Ada satu kalimat yang sering kali kita hindari untuk diucapkan, meski diam-diam mungkin kita mengakuinya dalam hati: kita pasti sendirian.
Kalimat sederhana itu bukan sekadar nasihat muram yang diulang-ulang oleh filsuf atau penyair-penyair patah hati.
Ia adalah kenyataan yang menempel di setiap helaan napas manusia, menunggu momen yang tepat untuk menunjukkan wujudnya secara terang benderang.
Kesendirian itu datang dalam banyak rupa. Ia tidak selalu menunggu kita sudah terbaring di liang lahat, ketika semua doa selesai dibacakan dan tanah merah menutup tubuh.
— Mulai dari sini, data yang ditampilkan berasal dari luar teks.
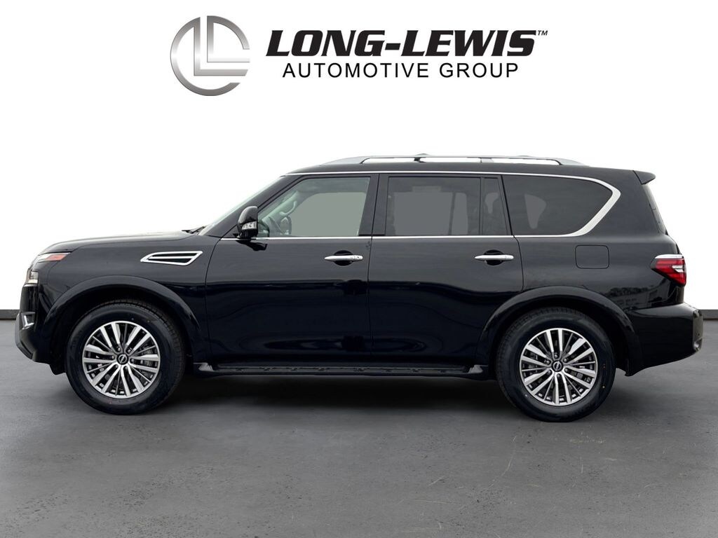 2024 Nissan Armada SL Super Black SL 4WD 7-Speed Automatic 5.6L V8 DOHC 32V LEV3-ULEV125 400hp 4WD, 13 Speakers, 2.937 Axle Ratio, 3rd Row Carpeted Floor Mats - Bench Seat, 3rd row seats: split-bench, 4-Wheel Disc Brakes, ABS brakes, Air Conditioning, Alloy wheels, AM/FM radio: SiriusXM, Anti-whiplash front head restraints, Auto High-beam Headlights, Auto tilt-away steering wheel, Auto-dimming door mirrors, Auto-dimming Rear-View mirror, Auto-leveling suspension, Automatic temperature control, Brake assist, Bumpers: body-color, Cargo Package, Delay-off headlights, Driver door bin, Driver vanity mirror, Dual front impact airbags, Dual front side impact airbags, Electronic Stability Control, Emergency communication system: NissanConnect Services, Exterior Parking Camera Rear, Four wheel independent suspension, Front anti-roll bar, Front Bucket Seats, Front Center Armrest, Front dual zone A/C, Front fog lights, Front reading lights, Fully automatic headlights, Garage door transmitter: HomeLink, Heated door mirrors, Heated Front Bucket Seats, Heated front seats, Heated steering wheel, HVAC memory, Illuminated entry, Illuminated Kick Plates, Knee airbag, Leather Shift Knob, Leather steering wheel, Leather-Appointed Seat Trim, Low tire pressure warning, Memory seat, Navigation System, Occupant sensing airbag, Outside temperature display, Overhead airbag, Overhead console, Panic alarm, Passenger door bin, Passenger vanity mirror, Power door mirrors, Power driver seat, Power Liftgate, Power moonroof, Power passenger seat, Power steering, Power windows, Radio: NissanConnect w/SiriusXM, Rear air conditioning, Rear anti-roll bar, Rear reading lights, Rear seat center armrest, Rear window defroster, Rear window wiper, Reclining 3rd row seat, Remote keyless entry, Roof Rail Cross Bars - Silver, Security system, Speed control, Speed-sensing steering, Speed-Sensitive Wipers, Split folding rear seat, Spoiler, Steering wheel memory, Steering wheel mounted audio controls, Tachometer, Telescoping steering wheel, Tilt steering wheel, Traction control, Trip computer, Turn signal indicator mirrors, Variably intermittent wipers, Voltmeter, Wheels: 20" x 8J Painted Alloy, 4WD.

Sendiri itu kadang menyapa jauh lebih awal; mungkin di tengah keramaian pesta, saat orang lain tertawa riang tapi kita berpura-pura ikut menikmati suasananya.
Atau di ruang rapat, saat semua percakapan hanya tentang target, laporan, dan angka-angka, sementara hati kita penuh tanya yang tak pernah punya tempat untuk menumpahkannya.
Tapi orang-orang sering kali lupa, kesendirian sebenarnya bukanlah sebuah kutukan. Ia adalah keniscayaan. Sama halnya dengan rasa lapar, haus, dan mati.
Bedanya, kesendirian tidak selalu bisa kita akui dengan gamblang. Kita lebih suka menyebutnya dengan istilah-istilah lain. "me time", "butuh ruang", atau bahkan "healing", kata-kata itu tentu tidak asing, kan?
Mungkin saat kita mengucapkannya tidak pernah terpikirkan apapun. Tetapi, jika kita mau mencerna lebih dalam lagi, bukankah itu adalah istilah lain untuk sendirian?